I asked her, “Don’t you think it’s a little silly that after nearly ten years, and half of them in this office, I make twenty cents above minimum wage?”

“Well—I don’t know why they do that.” 

Hello, I’m thinking, you’re the “they.” But I keep going. 

“There’re people here who make more than me who’ve been here less time and have far less responsibility than I do. Or don’t you think my responsibilities are worth more than twenty cents above minimum wage?”

“Well—I don’t know what people make.” 

You do now.  

“I just feel like I do quite a bit of work around here and it doesn’t seem quite fair that I make less than people who’ve been here barely a year.” All of this is said in a syrupy tone laced with menace.
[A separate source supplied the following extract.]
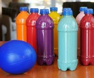 El juego de bolos. - Este juego permite a los niños poner a prueba su fuerza, para ejecutar el juego se colocan 10 botellas plásticas a una distancia de dos metros y con una pelota de plástico. Los juegos pueden ser individuales o combinados entre los diferentes miembros de la familia.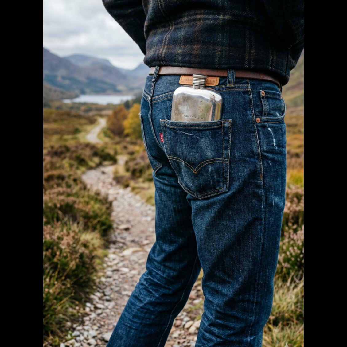 live concert, rock and roll, rockabilly, major, BPM168, male vocal, live shout chorus, call and response, electric guitar(twangy lead riffs), upright bass(slap), drums(driving backbeat), rhythm guitar(chunky strumming), A man carries his late father's bullet-scarred skittle filled with corn whiskey, believing it brings the same luck that once saved his old man's life

“Well—I’ll ask them—but I don’t know if they’ll say yes.” 

They said yes and I got a satisfactory amount of money. But let’s not get too excited—we are, after all, speaking of one of the cheapest companies on the entire globe. 

Yes, friends, this is an achievement, a double-digit percentage above minimum wage. Welcome to retail. Abandon all hope of ever paying your loans and bills, ye who enter here.

Shortly after this, she hired yet another new manager for me (her predecessor stayed two weeks), a wonderfully decent woman, fun, hardworking, COMPETENT. We hit it off right away. She even bought me a bouquet of flowers.

Then, a former colleague calls me to chat and I mentioned her name, and to my great shock, surprise, dismay, she tells me that my boss and my new manager are “besties.” 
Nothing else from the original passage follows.